Exclusion compliant (Yes/No): Yes

Function details:

  1. Query the database for pages in :Category:Articles with permanently dead external links (See SQL query in [https://bitbucket.org/WilliamAvery/wikipythonics/src/master/unneededDeadlinks.sh unneededDeadlinks.sh]). I expect initial runs to be confined to WikiProject Medicine articles. (See [https://bitbucket.org/WilliamAvery/wikipythonics/src/master/unneededDeadlinks_medicine.sh unneededDeadlinks_medicine.sh])
  2. Each {{tl|Deadlink}} present will be processed, and processing only proceeds if there is a value of 'yes' in the fix-attempted parameter.
  3. Using mwparserfromhell the deadlink template's ancestor elements are examined to find a tag or other element likely to contain the affected citation.
  4. The affected citation is the sibling template element that precedes the deadlink tag within the identified ancestor. This and the preceding step have details that depend closely on the mwparserfromhell parse tree, and have been refined by scanning large samples of pages. e.g. if there is a plain external link after the preceding template, then the dead link being tagged is that external link, and not a link to any preceding template, so no fix is possible.
  5. The candidate template is checked for a value in the url parameter. Processing only proceeds if there is a url. Editors sometimes mark a broken doi etc with {{tl|Deadlink}}, rather than using the doi-broken-date parameter.
  6. The candidate template is checked for a value in the archive-url parameter. Processing only proceeds if there is not an archive-url. Presence of an archive-url should indicate that the link is fixed.
  7. A check is made to see if there are identifier parameters present that indicate free access. For details see WP:CS1#Access indicator for named identifiers.

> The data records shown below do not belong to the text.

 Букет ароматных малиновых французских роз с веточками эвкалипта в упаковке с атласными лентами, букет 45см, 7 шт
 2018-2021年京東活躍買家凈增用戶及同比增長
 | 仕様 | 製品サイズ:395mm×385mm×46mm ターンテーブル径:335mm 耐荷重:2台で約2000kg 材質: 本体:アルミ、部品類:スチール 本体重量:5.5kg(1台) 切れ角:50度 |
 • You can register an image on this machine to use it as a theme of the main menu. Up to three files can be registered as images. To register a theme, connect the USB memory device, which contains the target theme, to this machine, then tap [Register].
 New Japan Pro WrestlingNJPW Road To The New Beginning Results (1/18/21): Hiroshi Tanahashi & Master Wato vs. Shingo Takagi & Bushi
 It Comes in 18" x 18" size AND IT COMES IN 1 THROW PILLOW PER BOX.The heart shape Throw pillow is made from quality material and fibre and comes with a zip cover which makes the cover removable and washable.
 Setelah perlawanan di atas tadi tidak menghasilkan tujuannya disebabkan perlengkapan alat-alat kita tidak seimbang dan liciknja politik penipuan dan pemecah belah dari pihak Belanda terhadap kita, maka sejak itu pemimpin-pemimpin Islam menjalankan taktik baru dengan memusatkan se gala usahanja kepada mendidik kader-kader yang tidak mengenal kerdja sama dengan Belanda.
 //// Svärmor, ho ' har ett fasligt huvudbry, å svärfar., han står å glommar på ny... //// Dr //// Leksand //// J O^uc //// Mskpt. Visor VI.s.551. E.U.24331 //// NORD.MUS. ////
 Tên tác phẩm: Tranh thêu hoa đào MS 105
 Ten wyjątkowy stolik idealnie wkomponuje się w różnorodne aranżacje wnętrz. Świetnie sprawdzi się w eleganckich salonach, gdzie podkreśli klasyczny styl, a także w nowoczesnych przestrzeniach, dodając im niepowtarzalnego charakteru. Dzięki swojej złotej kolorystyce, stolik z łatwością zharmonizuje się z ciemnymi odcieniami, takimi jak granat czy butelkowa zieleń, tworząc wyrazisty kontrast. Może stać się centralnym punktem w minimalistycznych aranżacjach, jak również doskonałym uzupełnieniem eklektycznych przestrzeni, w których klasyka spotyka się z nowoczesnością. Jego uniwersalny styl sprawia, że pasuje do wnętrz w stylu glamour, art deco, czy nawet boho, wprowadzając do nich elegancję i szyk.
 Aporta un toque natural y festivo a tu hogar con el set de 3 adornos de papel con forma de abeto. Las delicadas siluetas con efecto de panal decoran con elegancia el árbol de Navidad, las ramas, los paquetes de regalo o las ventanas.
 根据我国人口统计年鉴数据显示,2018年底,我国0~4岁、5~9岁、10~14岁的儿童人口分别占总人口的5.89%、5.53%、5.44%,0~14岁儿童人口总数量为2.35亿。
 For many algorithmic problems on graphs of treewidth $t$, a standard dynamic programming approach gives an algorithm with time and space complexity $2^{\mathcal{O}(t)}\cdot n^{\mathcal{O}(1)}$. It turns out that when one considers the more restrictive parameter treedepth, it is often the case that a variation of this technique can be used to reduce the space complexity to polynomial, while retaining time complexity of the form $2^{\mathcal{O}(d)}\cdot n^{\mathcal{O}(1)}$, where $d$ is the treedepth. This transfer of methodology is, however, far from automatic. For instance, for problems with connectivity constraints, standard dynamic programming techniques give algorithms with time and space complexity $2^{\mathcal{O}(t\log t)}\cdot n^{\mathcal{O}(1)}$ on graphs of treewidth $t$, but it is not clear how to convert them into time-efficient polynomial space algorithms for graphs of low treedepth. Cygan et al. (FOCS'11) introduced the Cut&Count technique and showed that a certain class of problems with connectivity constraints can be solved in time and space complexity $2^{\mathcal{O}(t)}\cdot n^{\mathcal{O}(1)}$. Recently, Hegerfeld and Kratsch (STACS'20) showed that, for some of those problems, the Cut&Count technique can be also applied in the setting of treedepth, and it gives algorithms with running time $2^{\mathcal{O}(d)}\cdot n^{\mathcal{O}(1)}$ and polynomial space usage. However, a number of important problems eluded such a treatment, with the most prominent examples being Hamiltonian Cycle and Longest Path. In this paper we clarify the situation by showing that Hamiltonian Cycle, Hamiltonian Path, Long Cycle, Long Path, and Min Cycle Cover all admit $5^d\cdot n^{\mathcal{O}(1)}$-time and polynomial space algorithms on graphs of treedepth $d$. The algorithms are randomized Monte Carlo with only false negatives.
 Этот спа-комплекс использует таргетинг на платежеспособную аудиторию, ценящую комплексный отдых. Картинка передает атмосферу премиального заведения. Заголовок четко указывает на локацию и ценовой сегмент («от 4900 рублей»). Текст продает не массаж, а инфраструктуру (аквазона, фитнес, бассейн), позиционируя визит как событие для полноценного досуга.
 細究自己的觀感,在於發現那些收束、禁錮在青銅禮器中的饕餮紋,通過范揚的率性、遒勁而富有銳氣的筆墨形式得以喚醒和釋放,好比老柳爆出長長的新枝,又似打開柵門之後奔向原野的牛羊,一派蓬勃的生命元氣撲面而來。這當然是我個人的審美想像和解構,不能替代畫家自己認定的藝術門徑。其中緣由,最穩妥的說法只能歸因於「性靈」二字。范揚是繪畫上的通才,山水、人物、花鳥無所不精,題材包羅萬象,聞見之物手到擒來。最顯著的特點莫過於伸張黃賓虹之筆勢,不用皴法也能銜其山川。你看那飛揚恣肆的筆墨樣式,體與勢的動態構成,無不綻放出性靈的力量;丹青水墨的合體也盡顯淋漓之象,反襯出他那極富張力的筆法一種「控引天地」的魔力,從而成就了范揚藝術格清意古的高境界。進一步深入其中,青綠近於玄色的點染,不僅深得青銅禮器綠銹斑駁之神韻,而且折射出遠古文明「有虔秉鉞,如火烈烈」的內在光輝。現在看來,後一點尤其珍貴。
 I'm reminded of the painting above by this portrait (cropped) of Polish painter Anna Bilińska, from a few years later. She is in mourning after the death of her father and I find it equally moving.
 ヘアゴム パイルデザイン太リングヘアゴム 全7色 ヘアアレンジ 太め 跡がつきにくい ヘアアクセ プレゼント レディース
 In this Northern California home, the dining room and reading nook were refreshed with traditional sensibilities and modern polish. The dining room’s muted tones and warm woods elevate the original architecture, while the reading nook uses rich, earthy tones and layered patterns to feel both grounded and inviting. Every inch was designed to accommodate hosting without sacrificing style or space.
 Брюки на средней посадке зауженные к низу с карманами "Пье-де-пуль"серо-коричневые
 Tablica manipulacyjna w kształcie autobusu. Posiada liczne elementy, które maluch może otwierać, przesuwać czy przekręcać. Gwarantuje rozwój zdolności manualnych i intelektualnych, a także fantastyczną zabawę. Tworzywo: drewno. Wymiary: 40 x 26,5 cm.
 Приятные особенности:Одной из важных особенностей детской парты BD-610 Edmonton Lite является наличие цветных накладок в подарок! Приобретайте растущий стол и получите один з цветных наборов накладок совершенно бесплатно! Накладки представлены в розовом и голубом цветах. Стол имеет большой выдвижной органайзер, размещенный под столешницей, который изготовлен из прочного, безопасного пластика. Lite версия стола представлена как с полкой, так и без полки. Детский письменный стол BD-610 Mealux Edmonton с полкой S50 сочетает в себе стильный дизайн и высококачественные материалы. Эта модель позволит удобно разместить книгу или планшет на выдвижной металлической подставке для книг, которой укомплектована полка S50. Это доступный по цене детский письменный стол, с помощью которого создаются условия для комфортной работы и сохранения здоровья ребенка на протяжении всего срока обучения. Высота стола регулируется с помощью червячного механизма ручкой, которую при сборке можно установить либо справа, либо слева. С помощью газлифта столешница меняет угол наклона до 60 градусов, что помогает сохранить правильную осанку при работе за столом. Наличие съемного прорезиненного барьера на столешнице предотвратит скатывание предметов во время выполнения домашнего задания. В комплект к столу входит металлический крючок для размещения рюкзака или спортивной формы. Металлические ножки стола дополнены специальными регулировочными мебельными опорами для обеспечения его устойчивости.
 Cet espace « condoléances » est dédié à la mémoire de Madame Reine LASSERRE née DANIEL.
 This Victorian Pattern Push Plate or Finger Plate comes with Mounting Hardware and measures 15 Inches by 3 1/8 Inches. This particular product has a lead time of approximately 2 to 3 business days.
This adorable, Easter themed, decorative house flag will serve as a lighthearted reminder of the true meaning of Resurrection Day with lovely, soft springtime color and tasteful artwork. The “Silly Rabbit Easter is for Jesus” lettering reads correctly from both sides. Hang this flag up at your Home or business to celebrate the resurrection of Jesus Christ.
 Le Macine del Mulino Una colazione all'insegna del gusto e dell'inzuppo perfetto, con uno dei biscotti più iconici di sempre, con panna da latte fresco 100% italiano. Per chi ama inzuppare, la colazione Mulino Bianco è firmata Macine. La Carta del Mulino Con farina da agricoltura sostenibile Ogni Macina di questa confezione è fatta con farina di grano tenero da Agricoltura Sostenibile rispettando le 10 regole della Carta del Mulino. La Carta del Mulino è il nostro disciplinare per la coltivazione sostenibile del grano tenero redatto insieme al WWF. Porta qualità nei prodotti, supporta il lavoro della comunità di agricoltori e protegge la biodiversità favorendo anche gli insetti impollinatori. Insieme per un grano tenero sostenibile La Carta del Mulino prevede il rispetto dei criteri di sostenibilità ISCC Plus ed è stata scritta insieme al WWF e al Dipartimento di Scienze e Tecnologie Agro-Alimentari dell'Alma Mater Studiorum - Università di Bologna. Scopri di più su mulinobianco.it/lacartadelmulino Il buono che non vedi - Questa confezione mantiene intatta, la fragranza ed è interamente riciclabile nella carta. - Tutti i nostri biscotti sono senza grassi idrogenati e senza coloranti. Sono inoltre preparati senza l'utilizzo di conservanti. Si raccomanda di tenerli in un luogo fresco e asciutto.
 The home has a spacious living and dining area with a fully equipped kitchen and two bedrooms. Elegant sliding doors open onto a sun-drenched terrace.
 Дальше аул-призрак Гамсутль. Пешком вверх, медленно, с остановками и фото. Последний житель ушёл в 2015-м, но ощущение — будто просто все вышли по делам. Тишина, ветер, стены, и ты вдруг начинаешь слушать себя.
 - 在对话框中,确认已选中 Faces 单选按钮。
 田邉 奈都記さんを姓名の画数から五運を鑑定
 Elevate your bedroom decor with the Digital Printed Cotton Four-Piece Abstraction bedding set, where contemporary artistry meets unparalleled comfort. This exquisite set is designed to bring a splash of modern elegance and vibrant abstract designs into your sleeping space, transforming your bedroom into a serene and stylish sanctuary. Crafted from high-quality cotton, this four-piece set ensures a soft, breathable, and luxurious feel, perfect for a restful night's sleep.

Under the scope of this request, processing will only proceed if free access is indicated and the access is unaffected by presence of a doi-broken-date or a pmc-embargo-date.
  8. If all the conditions are fulfilled, the url parameter is removed from the template along with any access-date parameter, and the {{tl|Deadlink}} tagging is removed.
  9. Apply a general fix to remove template redirects using the rules at Wikipedia:AutoWikiBrowser/Template redirects. (I thought I could apply this fix prior to the above processing to simplify it, but some of the fixed templates were then removed, making the edit summary misleading.)

Test outputs:

  • User:William Avery Bot/testsample medicine - list of all 111 citations under WikiProject Medicine identified as fixable.
  • User:William Avery Bot/testsample all e - Sample list of 29 fixable citations from general articles beginning with letter 'E'
  • https://en.wikipedia.org/w/index.php?title=User%3AWilliam_Avery_Bot%2Fdeadlinkstest&type=revision&diff=1026339187&oldid=1026333752 - Test edit in userspace. Once a suitable case has been identified, the actual fix is rather simple.

=Discussion=

{{BotTrial|edits=50}} Primefac (talk) 23:13, 29 June 2021 (UTC)

:{{BotTrialComplete}} I have checked the edits made, and the free sources indicated by the reference template parameters are indeed available in all fifty cases, which was my main worry. Edits [https://en.wikipedia.org/w/index.php?title=Special:Contributions/William_Avery_Bot&offset=202107221200&limit=50 here].

:{{Reply_to|Velayinosu|Ajpolino|GreenC}} Courtesy ping to original requesters and GreenC, who gave helpful advice. William Avery (talk) 11:34, 22 July 2021 (UTC)

  • This bot is very helpful since tracking down these articles and making these edits manually would be quite time consuming. It's more limited in scope than I personally prefer but that's understandable since it's new. Maybe its scope can be broadened over time. In any case, thank you for making this bot. Velayinosu (talk) 01:17, 24 July 2021 (UTC)

{{BotApproved}} Primefac (talk) 21:05, 22 August 2021 (UTC)

:The above discussion is preserved as an archive of the debate. Please do not modify it. To request review of this BRFA, please start a new section at Wikipedia:Bots/Noticeboard.